Task Mode Input Tokens Output Tokens Time Taken (s) Reduction (%)
Agent Node Non-streaming 777 90 2.59 Output: -30%, Time: -83%
Streaming 676 62 0.44
50-word Joke Non-streaming 95 54 2.4 Output: +10%, Time: -80%
Streaming 68 60 0.47
500-word Joke Non-streaming 95 595 22.39 Output: +10%, Time: -98%
Streaming 68 649 0.41
500-word Joke Non-streaming 68 642 30.11 Output: -0.05%, Time: -97%
Streaming 68 641 0.88
500-word Story Non-streaming 68 616 16.86 Output: +2.27%, Time: -97.5%
Streaming 68 630 0.44
500-word Essay Non-streaming 70 687 22.23 Output: +1.46%, Time: -97.15%
Streaming 70 697 0.63

Efficiency in Streaming Mode:

  • Output < 100 Tokens: Time reduction of 80%-85%.
  • Output 100-600 Tokens: Time reduction of 97%-98%.
  • Output > 600 Tokens: Time reduction of 98%-99%.

Key Insights:

  • Streaming mode demonstrates exponential efficiency gains as output size increases.
  • Minimal impact on output quality (≤2.5% variance) ensures task reliability.
  • Significant time savings make streaming ideal for long-form content generation and real-time use cases.

Note

The following benchmarking results were conducted on our system under specific scenarios. Performance may vary depending on your unique environment and use cases. We recommend conducting your own due diligence before enabling streaming. These benchmarks are provided solely for reference purposes and do not guarantee similar outcomes in all situations.

Analytics

As part of the XO platform's Analytics module updates, enhancements have been introduced to better track and differentiate streaming and non-streaming responses. In the LLM Usage Logs main screen, a new column called "TTFT" (Time to First Token) has been added, applicable only to streaming responses. Additionally, the Detailed Log page now includes a Response Type field to indicate whether a response is streaming or non-streaming, offering more precise insights into response behavior.
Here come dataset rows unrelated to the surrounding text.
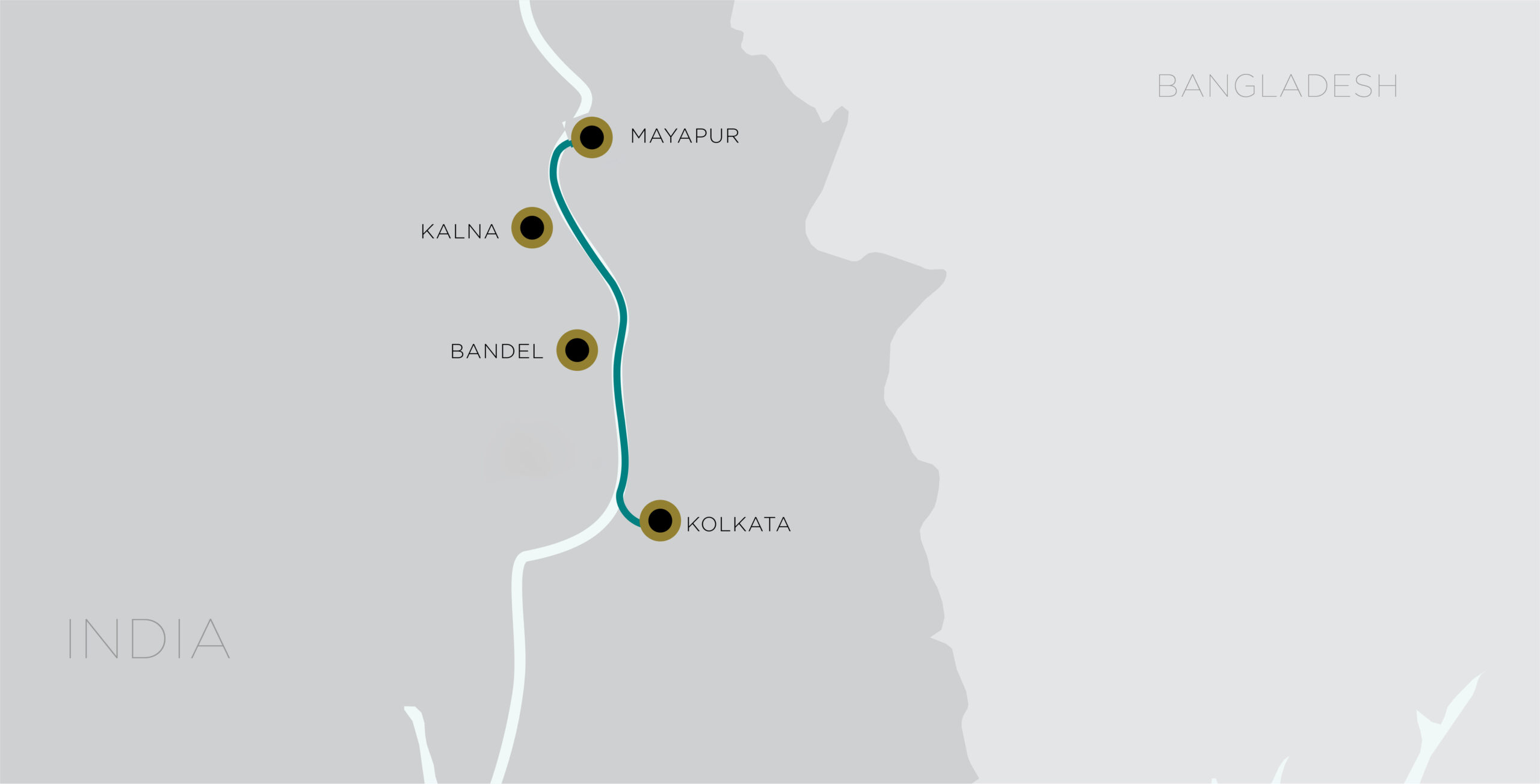 - Transfers to/from Kolkata and Mayapur for embarkation/disembarkation.
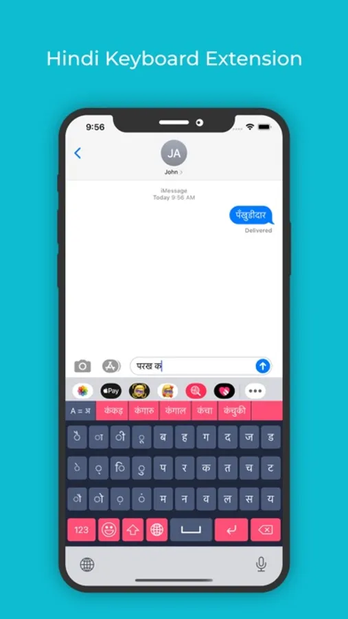 • Another important feature in the Hindi keyboard and Translator, and one that makes this the best Hindi keyboard and Translator for iOS is its adaptability with apps. Use the keyboard extension feature to type Hindi directly into any app.
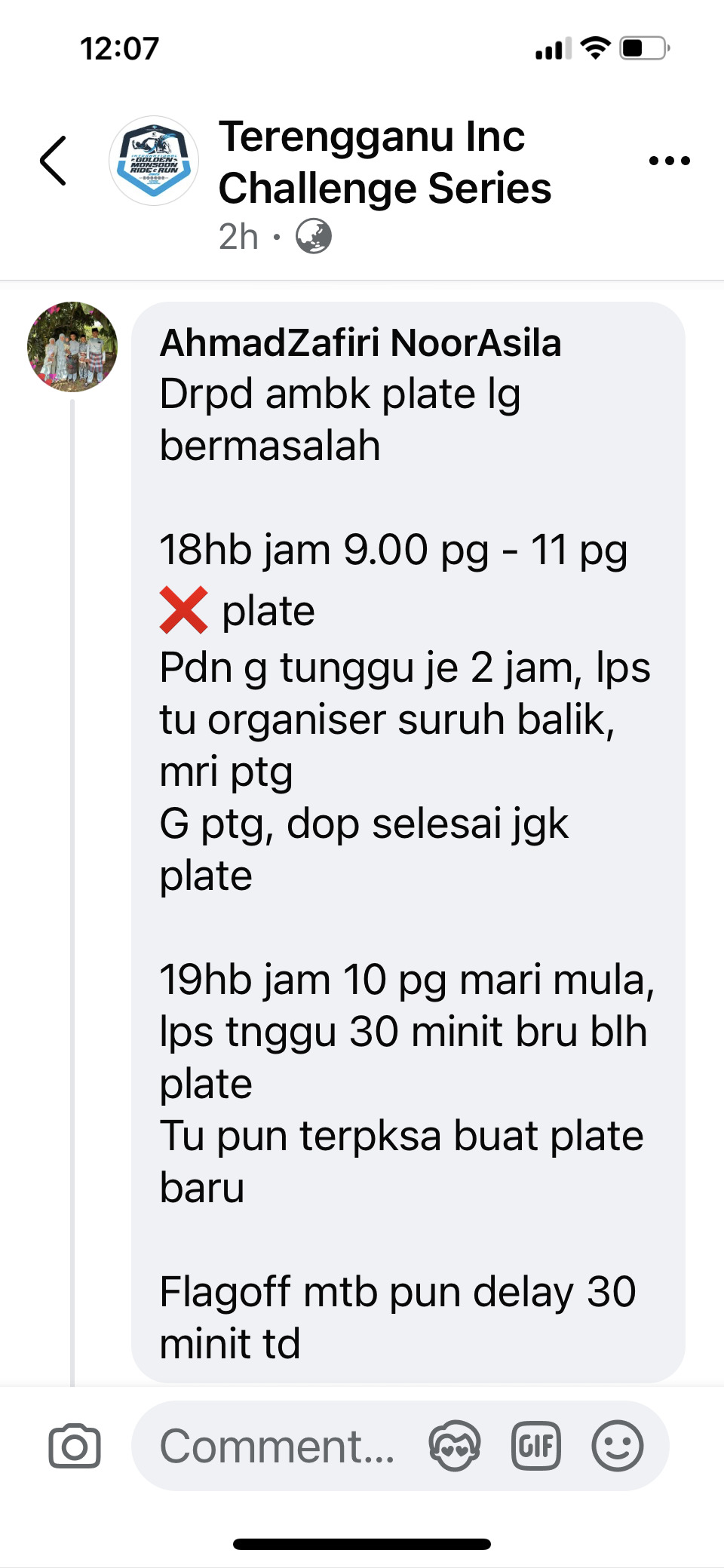 ".. 18hb tunggu dua jam, lepas itu organizer suruh balik mari petang. Petang pun tidak selesai juga. 19 hb hadir 10 pagi.. tunggu 30 minit baru boleh plate(nombor daftar pelumba). Itu pun terpaksa buat plate baru. Flag off mtb pun lewat 30 minit.." ujar beliau yang juga merupakan atlet berbasikal yang sering mewarnai arena perlumbaan tempatan.
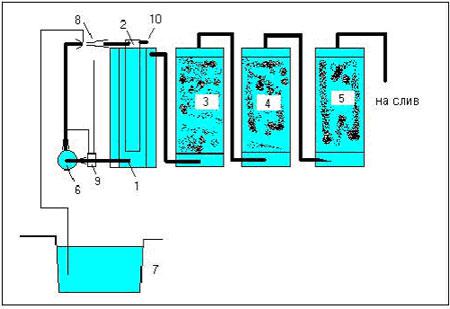 Сущность процесса заключается в последовательном выделении нефтепродуктов, находящихся в различной дисперсной фазе из сточных вод. Загрязненные сточные воды собираются в приямке (отстойнике). Здесь происходит отстаивание крупных взвешенных частиц и нефтепродуктов. Загрязненная вода подается струйным насосом в флотационную емкость 1. Происходит выделение дисперсных нефтепродуктов. После аппарата напорной флотации вода подается в установленные последовательно механические фильтры 3 и 4. Доочистка сточных вод до ПДК осуществляется на сорбционных фильтрах 5 заполненных активированным углем, сульфоуглем или другими природными или синтетическими материалами.

  • TTFT (Time to First Token): Reflects the time taken for the first token to appear in the response. For the final chunk of a response volley, TTFT is blank, as no further messages are sent to the user.

  • Response Duration: Indicates the time taken by the LLM from generating the first chunk to the final chunk.
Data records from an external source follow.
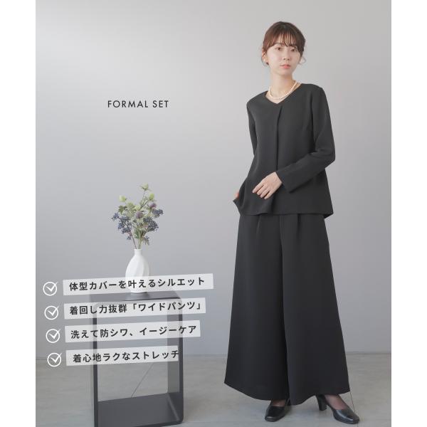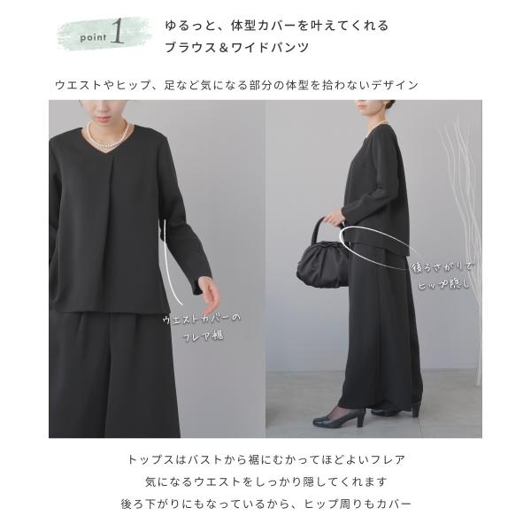 礼服 レディース パンツスーツ 喪服 ロング ワイドパンツ ブラックフォーマル 洗える ウォッシャブル ストレッチ ブラウス 2点セット 葬儀 20代 30代 40代
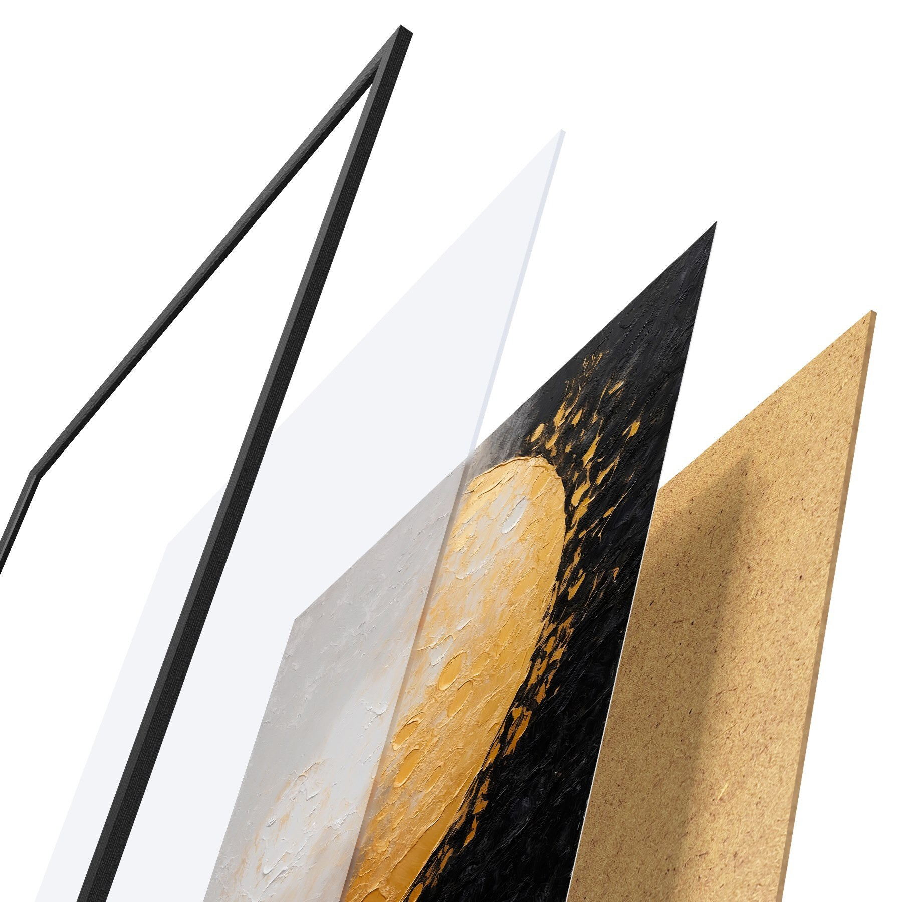 Das Poster besteht aus einem Rahmen, Plexiglas, einem gedruckten Bild und einer Rückwand aus Spanplatten. Dank der Halterungen auf der Rückseite kann das Poster sofort an die Wand gehängt werden.
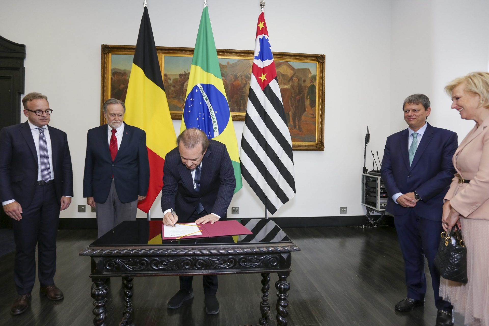 O encontro também contou com a participação do governador Tarcísio de Freitas. Junto a empresários e diplomatas belgas, foram tratadas as temáticas da transição energética e do investimento em energias sustentáveis. “Vamos trabalhar para manter essa excelente relação e esse ambiente de negócios. Temos a presença de empresas de altíssima tecnologia, seja na área do agronegócio, química ou transportes. Vamos preparar o salto que será dado para tornar a nossa produção cada vez mais sustentável”, disse o governador.
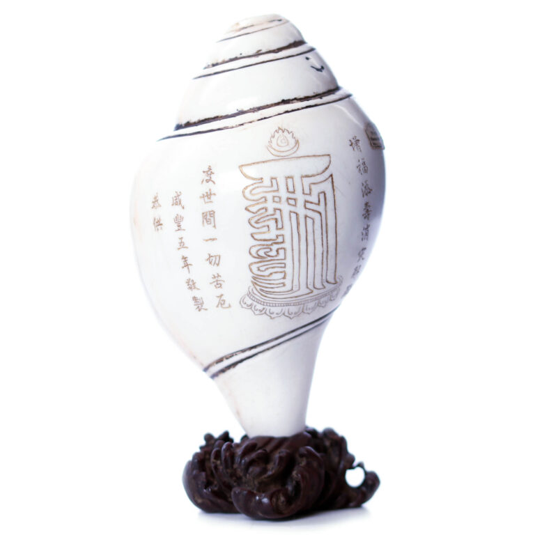 0601: A Large Conch Shell With Carved Inscriptions With Zitan Hardwood Stand

This detailed analytics data can be found under Usage Logs in the platform.

Usage Logs

Usage Logs

Considerations for Streaming

While streaming enhances real-time interactions and user experience, certain limitations should be considered.

  • Post-processing operations are not possible, as they require the complete response, which conflicts with the nature of streaming.
  • Guardrails are not supported in streaming mode, as content moderation typically requires full-context evaluation, which is incompatible with token-by-token streaming.
  • The effectiveness of voice-based streaming also depends on the TTS engine’s support for bi-directional streaming, limiting compatibility to specific engines like PlayHT, Deepgram.
  • When BotKit is enabled, interception of streamed response messages is unsupported due to the real-time delivery process.

Note

The quality of streaming responses is highly dependent on the prompts written, and since LLMs are subject to hallucination, it is essential to perform your own due diligence. Ensure that the prompts are accurate and aligned with the desired output for reliable performance.